- Coordinator: Mohammed Hamarsheh
- Founded: 2016
- Ideology: Palestinian nationalism Secularism Socialism
- Political position: Left-wing
- National affiliation: PLO (majority)
- Factions: DFLP; FIDA; PNI; PPP; PFLP;

= Democratic Alliance List =

The Democratic Alliance List (قائمة التحالف الديمقراطي), also referred to as the Democratic Alliance Forces (قوى التحالف الديمقراطي) or just the Democratic Alliance (التحالف الديمقراطي), was a coalition launched before the Palestinian local government elections that were initially scheduled for October 2016, consisting of five left-wing Palestinian factions:
- Popular Front for the Liberation of Palestine (PFLP)
- Democratic Front for the Liberation of Palestine (DFLP)
- Palestinian People's Party (PPP)
- Palestinian Democratic Union (Fida), and
- Palestinian National Initiative (PNI)
along with several unaffiliated independent candidates. The Alliance was led by a Central Committee and an Advisory Board. Mohammed Hamarsheh was named coordinator of the Alliance.

==Launch==
The Alliance was presented at a press conference in Ramallah on 10 August 2016, chaired by Mustafa Barghouti (General Secretary PNI), Qais Abd al-Karim (Deputy General Secretary DFLP), Bassam as-Salhi (General Secretary PPP), Khalida Jarrar (PFLP), and Zahira Kamal (Fida). Jarrar stressed that the alliance would act as a third force, seeking to overcome the Fatah-Hamas dichotomy.

Its candidature was officially registered with the Central Election Commission on 16 August 2016, the first day of registrations. The Alliance was assigned the letter Aleph (أ), the first letter of the Arabic alphabet, as its ballot symbol.

==Campaign and lists==
On the night of 23 August 2016, unknown gunmen reportedly opened fire on the residence of Nureddin Khalaf, the top candidate of the Alliance in Burqin municipality, Jenin Governorate.

On 25 August 2016, the Alliance submitted to the Central Election Commission its candidate list for the Gaza Strip, and indicated that Majida Al-Masri would head its list in the Nablus municipality. In the Jenin municipality, the Alliance nominated PNI activist Mohammad Abu Al-Hija as its top candidate.

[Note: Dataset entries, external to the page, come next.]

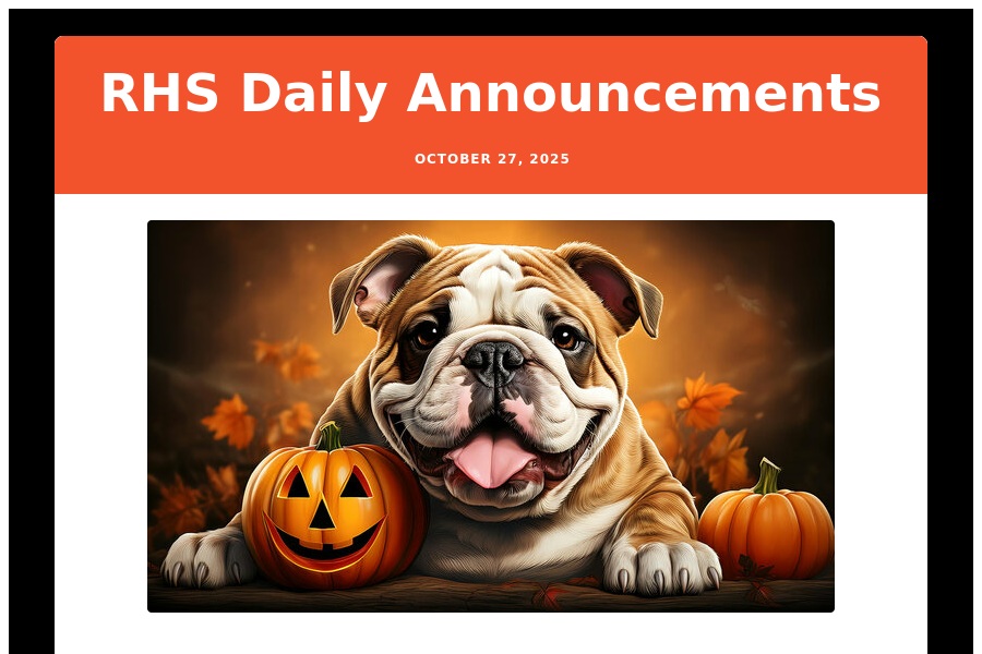 RHS Daily Announcements October 29, 2025 Student and Parent Information Halloween Costume Rules and Contest Info You are all welcome to dress up fo. . .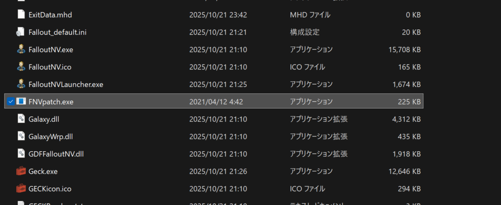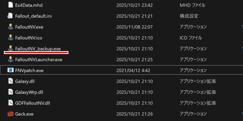 FNVフォルダ内に「FalloutNV_backup.exe」というファイルができていたら、完了です。
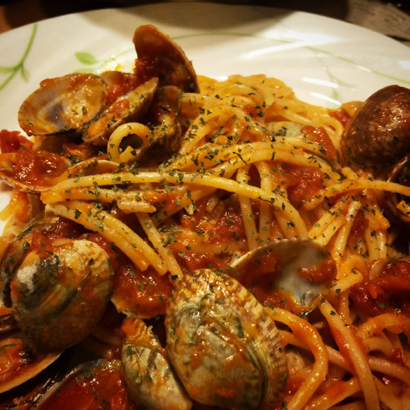 久しぶりにボンゴレ・ヴェラーチェ。本当はミニトマトで作るのだけど、時期じゃなくて高かったので初めてトマト缶で作ってみる。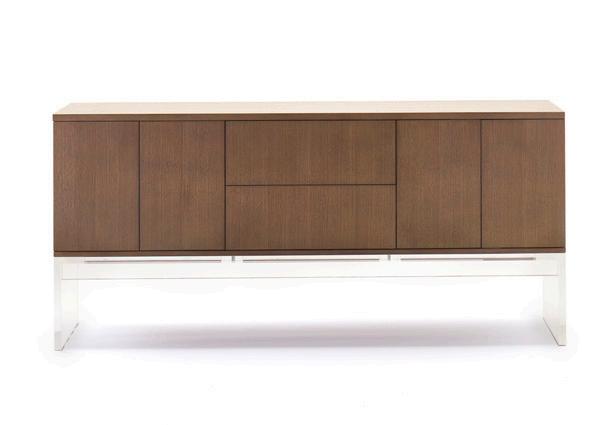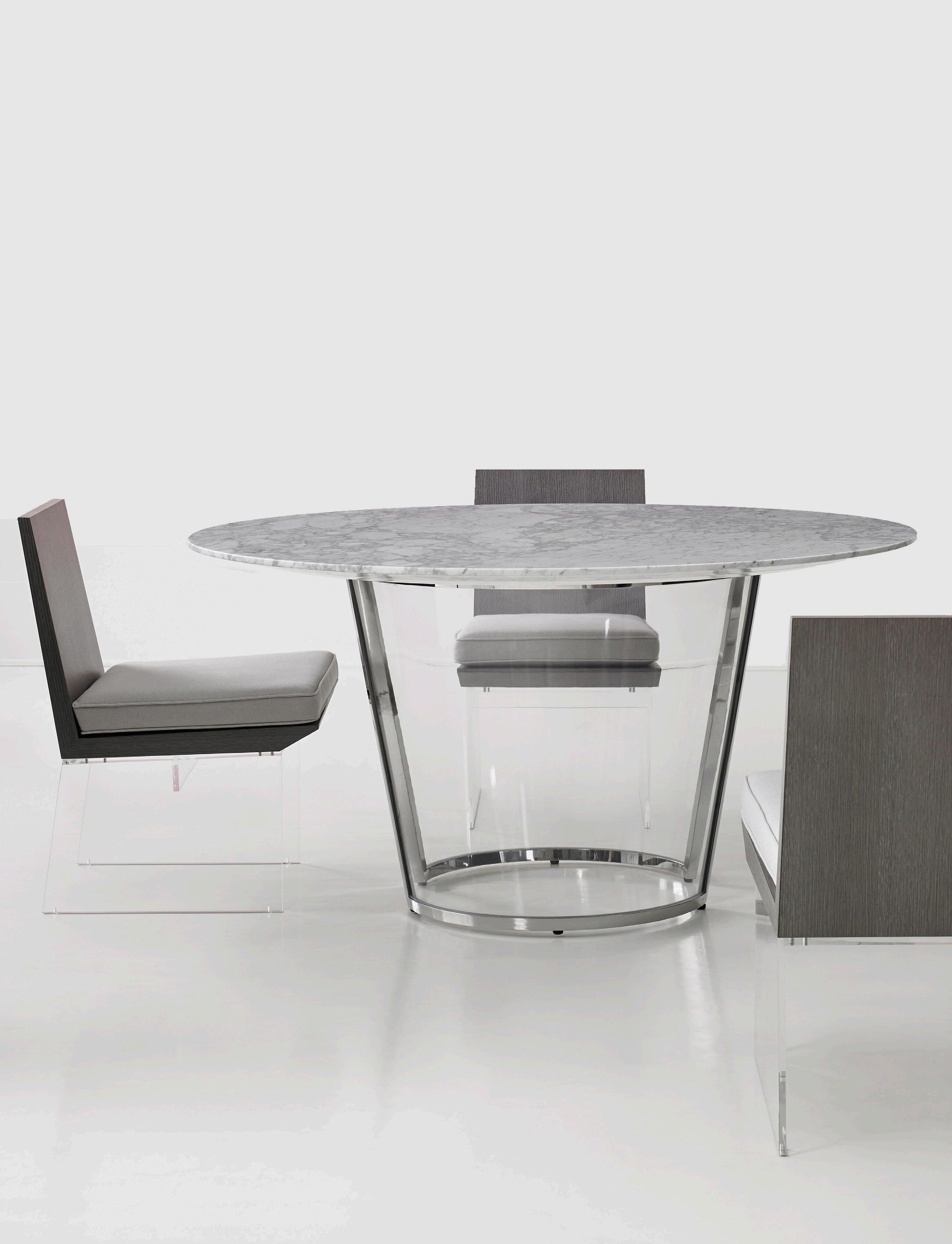 Designed to evoke a sense of airiness and light, the surface of the Float Dining table hovers above its clear acrylic base taking minimal visual space in the room.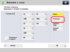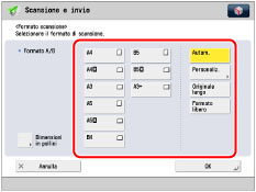 È possibile specificare manualmente un formato di scansione quando si acquisiscono originali che non possono essere rilevati con [Formato autom.]. Inoltre, è possibile memorizzare il formato di scansione specificato.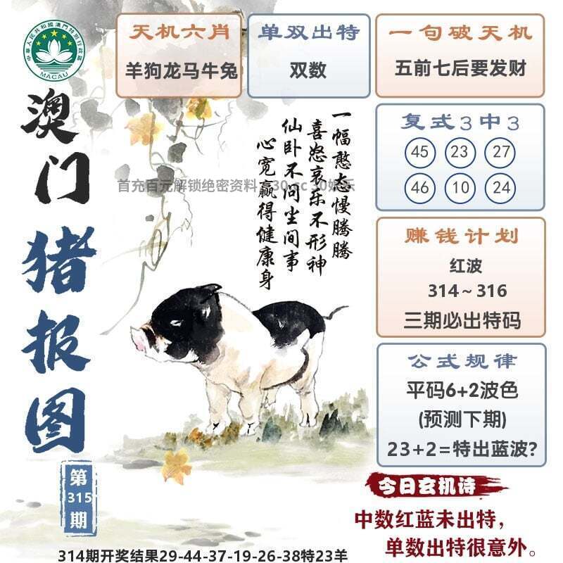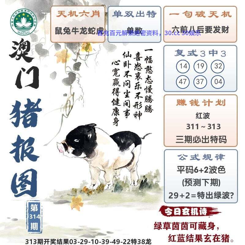 | 314期五肖 | 蛇猴兔羊猪 | 開:羊23 |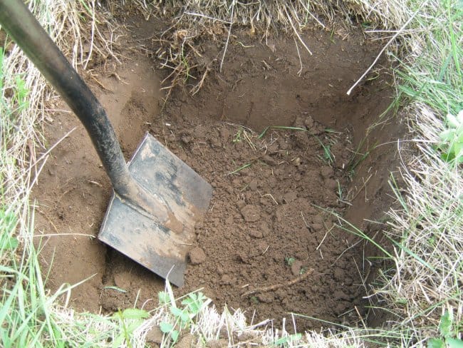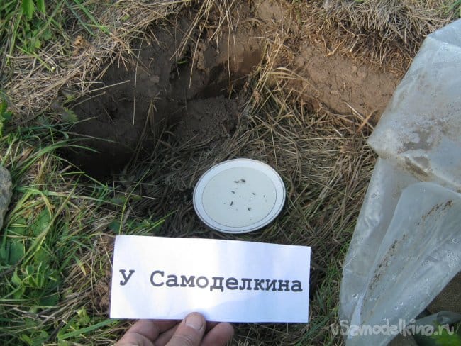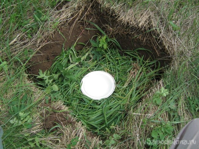 Подобрали небольшой кусок целой полиэтиленовой пленки, отмыли его и высушили на солнышке. Подобрали место рядом с домом, открытое солнечное, так чтобы не угодить в него по рассеянности и в то же время не далеко. Вырубили контур ямки в дерне. Выкопали ямку немного меньше куска полиэтилена, глубиной на штык лопаты.

In the Al-Bireh municipality, the Alliance declared that they were continuing the work of the previous 'Al-Bireh for All' list from past elections. Jamal Al-Nasar was named number-one on the Alliance list in the municipality.

==Postponement of polls==
On 8 September 2016, the Ramallah High Court of Justice postponed the local elections indefinitely. The Democratic Alliance List and its constituent parties criticized the court ruling.

==Election results==
At the elections, which took place on 13 May 2017, the Alliance won 5 of the 3,253 contested seats, gaining 0.32% of the votes.

==Symbol==
The symbol of the Democratic Alliance List resembles a dove in Palestinian national colours with the head shaped as the ballot symbol of the list, the letter Aleph. The text reads "Palestine deserves the Democratic Alliance".